A verbatim transcript of the data that follows, free of images, is the expected result.

- SOURCE MATERIAL
<<<<

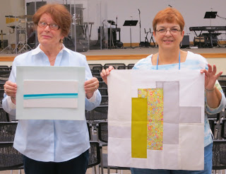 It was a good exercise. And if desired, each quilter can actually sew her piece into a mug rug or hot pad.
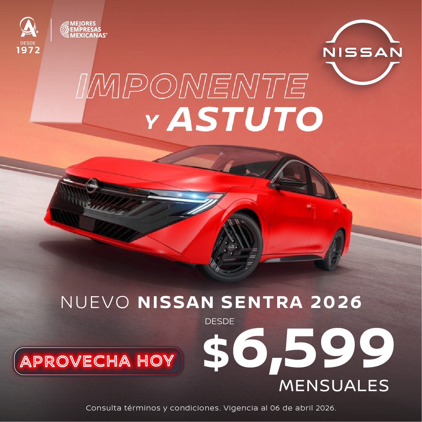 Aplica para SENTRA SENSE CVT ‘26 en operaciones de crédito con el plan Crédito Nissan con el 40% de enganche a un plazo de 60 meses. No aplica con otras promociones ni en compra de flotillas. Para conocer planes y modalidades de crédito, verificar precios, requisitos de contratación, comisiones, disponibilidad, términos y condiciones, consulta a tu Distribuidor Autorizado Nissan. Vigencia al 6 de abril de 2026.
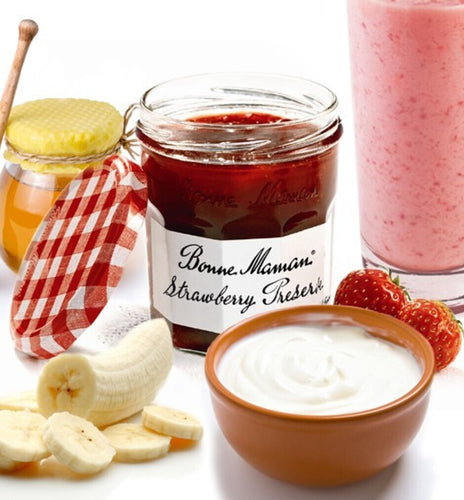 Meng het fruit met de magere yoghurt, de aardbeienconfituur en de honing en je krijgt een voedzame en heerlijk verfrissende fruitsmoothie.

>>>>

- OUTPUT
 It was a good exercise. And if desired, each quilter can actually sew her piece into a mug rug or hot pad.
 Aplica para SENTRA SENSE CVT ‘26 en operaciones de crédito con el plan Crédito Nissan con el 40% de enganche a un plazo de 60 meses. No aplica con otras promociones ni en compra de flotillas. Para conocer planes y modalidades de crédito, verificar precios, requisitos de contratación, comisiones, disponibilidad, términos y condiciones, consulta a tu Distribuidor Autorizado Nissan. Vigencia al 6 de abril de 2026.
 Meng het fruit met de magere yoghurt, de aardbeienconfituur en de honing en je krijgt een voedzame en heerlijk verfrissende fruitsmoothie.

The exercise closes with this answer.